The answer is to be the lines of the material from its start through the line containing "ラウンドカラー×プリーツ入りデザインが映える長袖ブラウスです。", each copied exactly; no pictures.

------ Data section

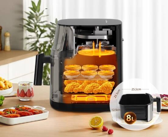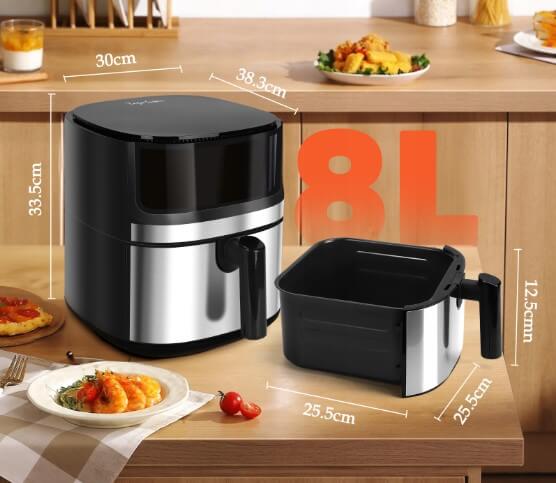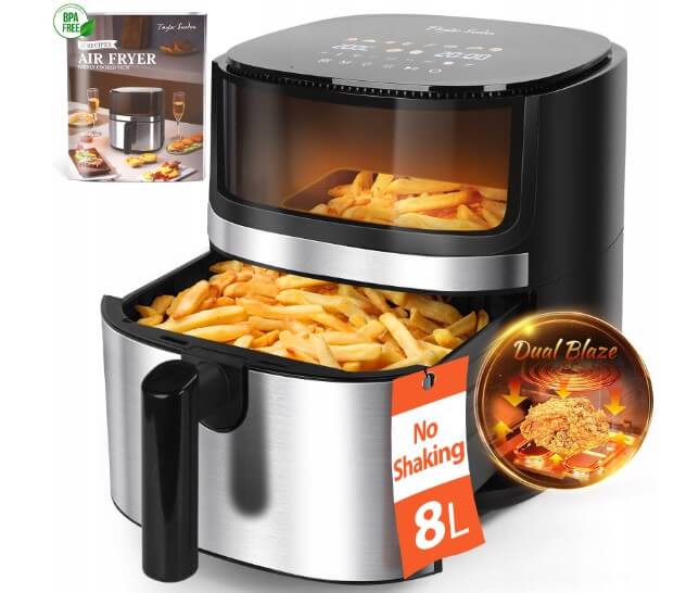 Taylor Swoden karšto oro gruzdintuvė leidžia paruošti gardžius, traškius patiekalus naudojant minimalų kiekį aliejaus arba nenaudojant jo išviso. Dėka didelės 8 litrų talpos ji puikiai tinka visos šeimos pietums ar vakarienei, leidžiant pagaminti net visą vištą vienu metu.
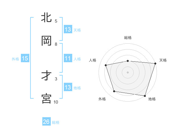 北岡 才宮さんを姓名の画数から五運を鑑定
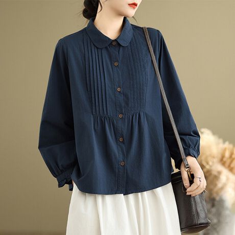 ラウンドカラー×プリーツ入りデザインが映える長袖ブラウスです。
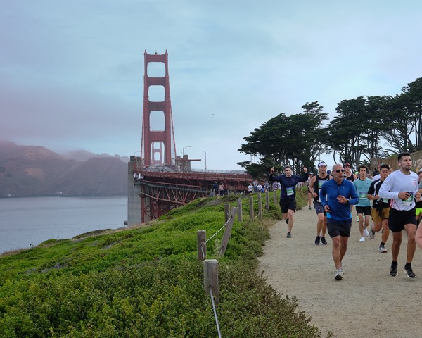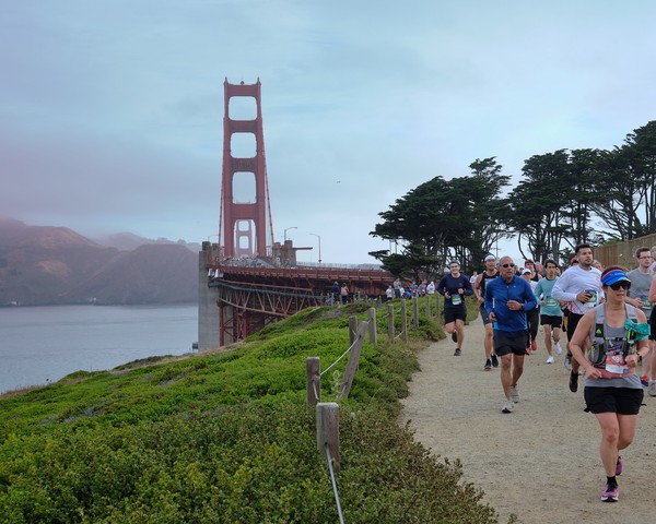 Micah’s start time at Crissy Field was about 6:50 am. The run would take him to Fort Point, then up a steep grade to the Bridge. The top of this grade was my first lookout. Then across the Golden Gate Bridge, up and down some challenging hills near Sausilito, back again across the Bridge, and to a finish in Golden Gate Park.

------------

Answer for the task:
 Taylor Swoden karšto oro gruzdintuvė leidžia paruošti gardžius, traškius patiekalus naudojant minimalų kiekį aliejaus arba nenaudojant jo išviso. Dėka didelės 8 litrų talpos ji puikiai tinka visos šeimos pietums ar vakarienei, leidžiant pagaminti net visą vištą vienu metu.
 北岡 才宮さんを姓名の画数から五運を鑑定
 ラウンドカラー×プリーツ入りデザインが映える長袖ブラウスです。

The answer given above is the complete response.